▶ **Data to examine**
>>>>
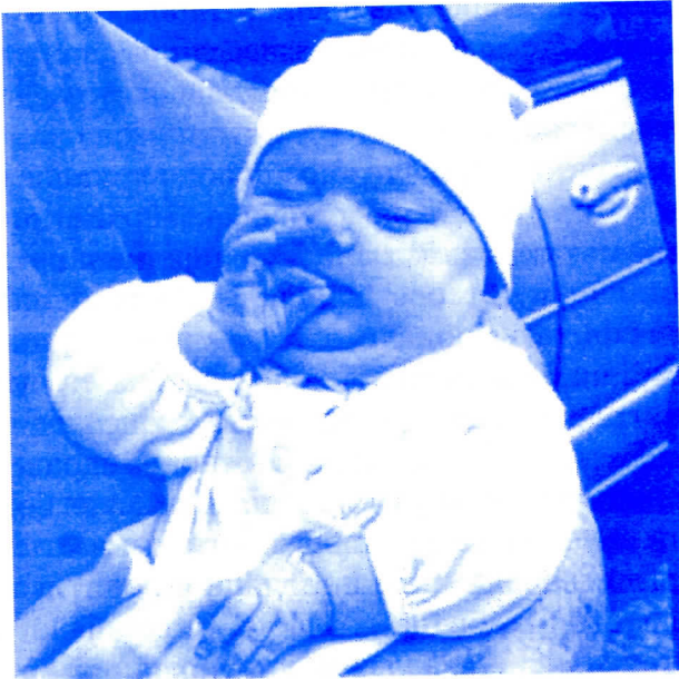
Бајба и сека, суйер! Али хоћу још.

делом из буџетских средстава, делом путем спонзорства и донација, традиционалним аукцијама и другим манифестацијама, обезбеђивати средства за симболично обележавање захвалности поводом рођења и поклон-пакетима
<<<<
>>>>
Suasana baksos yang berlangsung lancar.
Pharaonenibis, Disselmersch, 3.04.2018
<<<<
▶ **Activity**
Within the material above, copy exactly the lines from the line that holds "Бајба и сека, суйер! Али хоћу још." up to and including the line that holds "делом из буџетских".

▶ **Solution**
Бајба и сека, суйер! Али хоћу још.

делом из буџетских средстава, делом путем спонзорства и донација, традиционалним аукцијама и другим манифестацијама, обезбеђивати средства за симболично обележавање захвалности поводом рођења и поклон-пакетима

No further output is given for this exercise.